Embedding Rails in Wordpress - ruby-on-rails

My goal is to embed a full Ruby on Rails app in a Wordpress site. Ideally, the staff should be able to edit the non-Rails parts of the site just like any Wordpress site, including content, theme, menus, etc. When the user clicks a link to a certain page, it should show the Rails content within the Wordpress template—headers, menus, sidebars, etc.—all of which should look the same as the rest of the site. I'd much prefer to do the presentation of the Rails content within Rails, where I can use Slim, CoffeeScript, SASS, and all of the other built in presentational magic, rather than setting Rails up as just a JSON server and having to muck around with PHP to retrieve and format the data.

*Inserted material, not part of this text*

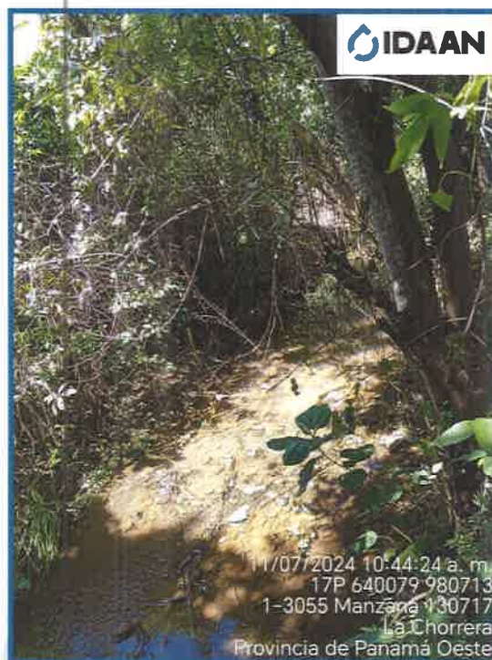
Fotografía N° 3 Fuente hídrica sobre la cual se realizará descarga de la PTAR.

Panamá, 12 de noviembre de 2024 Nota No. 132-DEPROCA-2024
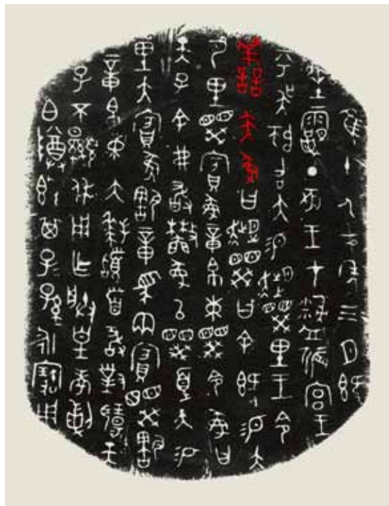
圖五 〈大簋蓋〉拓片

五），銘文內容同樣是周王賞賜「大」的紀錄，膳夫在這兩次的賞賜過程中，卻擔任不同的角色。〈大簋〉描述周王賞賜「大」特級馬匹，而〈大簋蓋〉為賜予田地。〈大簋蓋〉內容為：「唯十又二年三月既生霸丁亥，王在盤儀宮，王呼吳師召大，賜趨睽里，王令膳夫豕曰趨睽曰：余既賜大乃里。睽賓豕璋、帛束。睽令豕曰天子：余弗敢吝。豕以睽履大賜里，大賓豕訊璋、馬兩，賓睽訊璋、帛束，…」(04298-04299，西周晚期)周王賞賜「大」一處田里，此地原屬於名為「趨睽」的人所

I've tried a few techniques so far, but each has its downsides:
First, I tried embedding the Rails app in an iframe, but iframes are clunky, and I couldn't get it to expand or contract to the height of the content.
Second, I tried creating a special Wordpress template file that loads the Rails content using PHP's file_get_contents function. That worked okay, but required a lot of jankiness to get URLs to transfer over, including having to add a question mark into the URL for a certain subpage to get Wordpress to ignore it and pass it through. It's also a little slow because it's loading content from two different dynamic systems. And I never could figure out how to get cookies to pass through to Rails, which is essential for this app.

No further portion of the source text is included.